Regulation Number and Section

§ 866.2950 Microbial nucleic acid storage and stabilization device.

(a)
Identification. A microbial nucleic acid storage and stabilization device is a device that consists of a container and reagents intended to stabilize microbial nucleic acids in human specimens for subsequent isolation and purification of nucleic acids for further molecular testing. The device is not intended for preserving morphology or viability of microorganisms.(b)
Classification. Class II (special controls). The special controls for this device are:(1) The intended use for the labeling required under § 809.10 of this chapter must include a detailed description of microorganisms and types of human specimens intended to be preserved.

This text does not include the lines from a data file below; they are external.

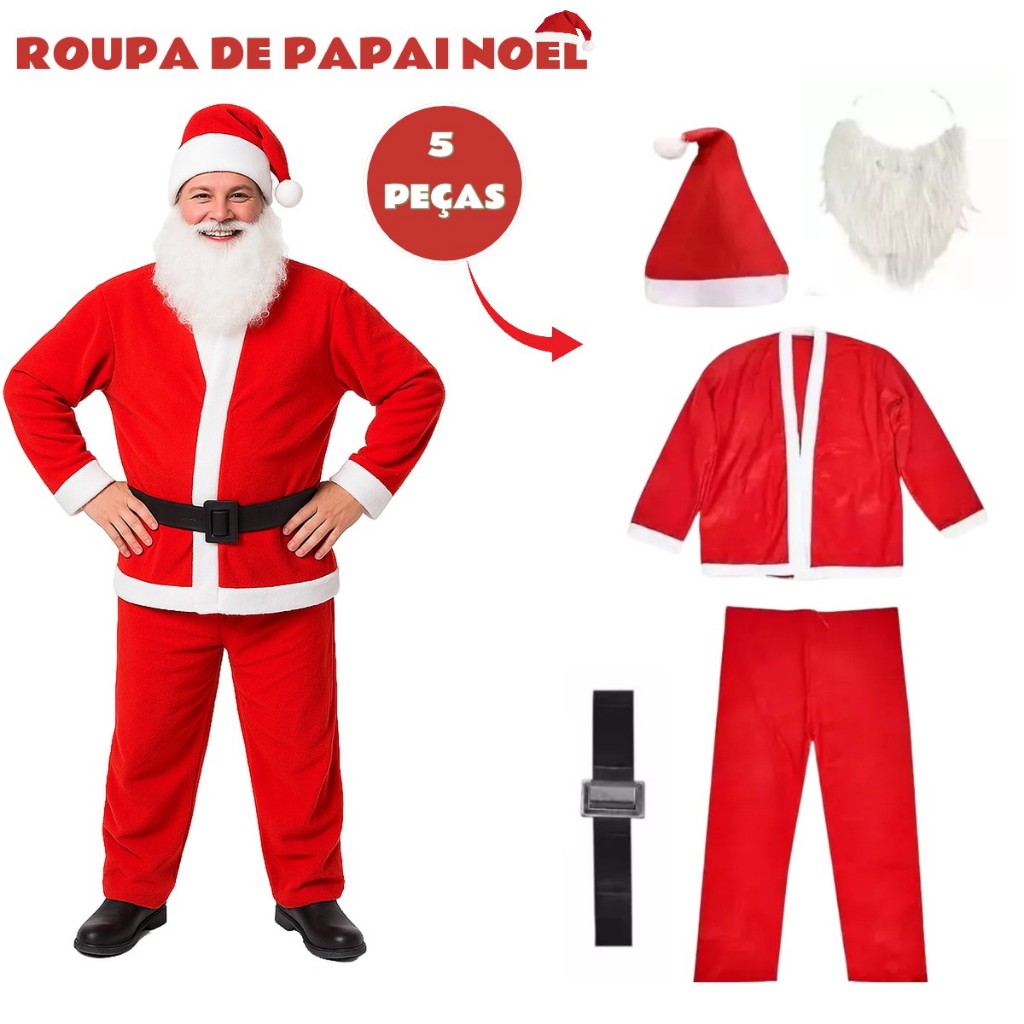 Roupa Fantasia de Papai Noel de Feltro Luxo Tamanho Único com Blusão, Calça, Gorro, Cinto e Barba 5 Peças + Envio Rápido e Garantia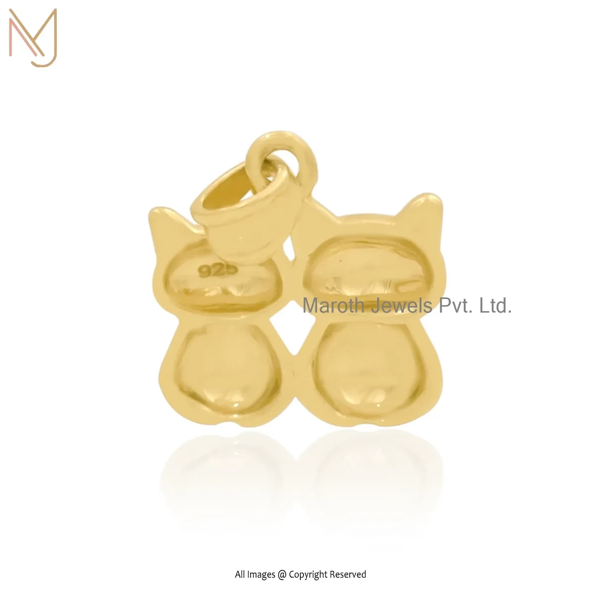 14K Yellow Gold Black Enamel Cats Charm Pendant Custom Jewelry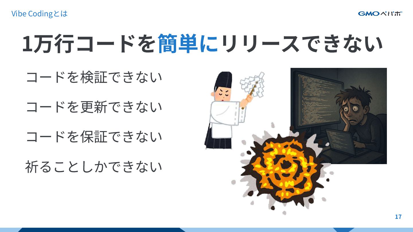 17 コードを検証できない コードを更新できない コードを保証できない 祈ることしかできない 1万⾏コードを簡単にリリースできない Vibe Codingとは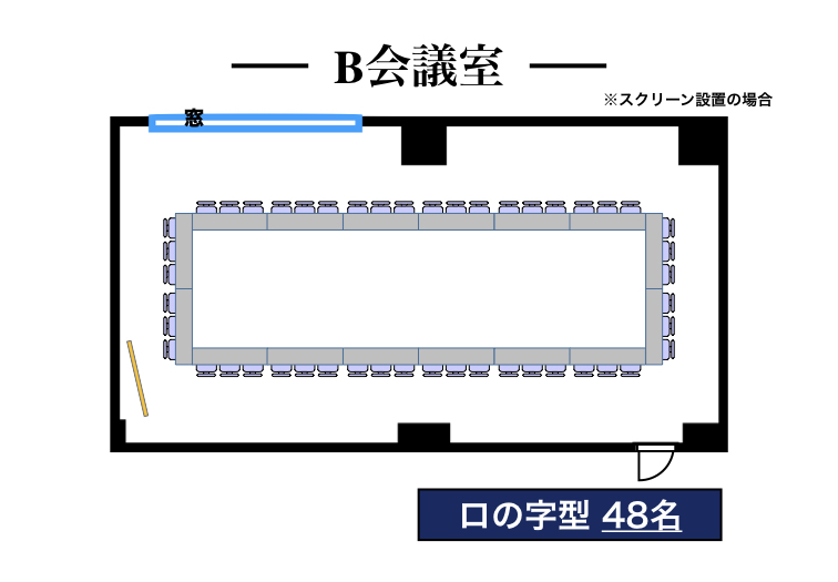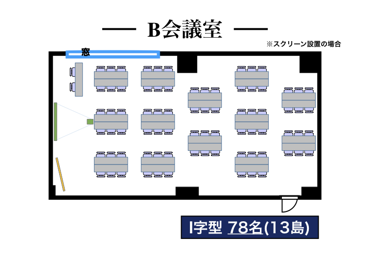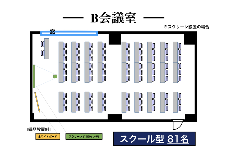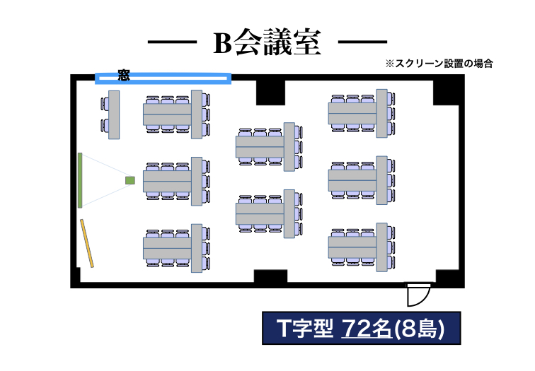 | 3階B会議室 | 96㎡ | 81名 | 48名 | 42名 | 72名 (8島) |

(2) The labeling required under § 809.10(b) of this chapter must include the following:
(i) A detailed device description, including all device components;
(ii) Performance characteristics from applicable analytical studies, including nucleic acid stability and microorganism inactivation;
(iii) A limiting statement that erroneous results may occur when the transport device is not compatible with molecular testing; and
(iv) A limiting statement that the device has only been validated to preserve the representative microorganisms used in the analytical studies.
(3) Design verification and validation must include the following:
(i) Overall device design, including all device components and all control elements incorporated into the analytical validation procedures;
(ii) Thorough description of the microorganisms and methodology used in the validation of the device including, extraction platforms and assays used for the detection of preserved nucleic acids; and
(iii) The limit of detection (LoD) of the molecular test used to establish microorganism nucleic acid stability.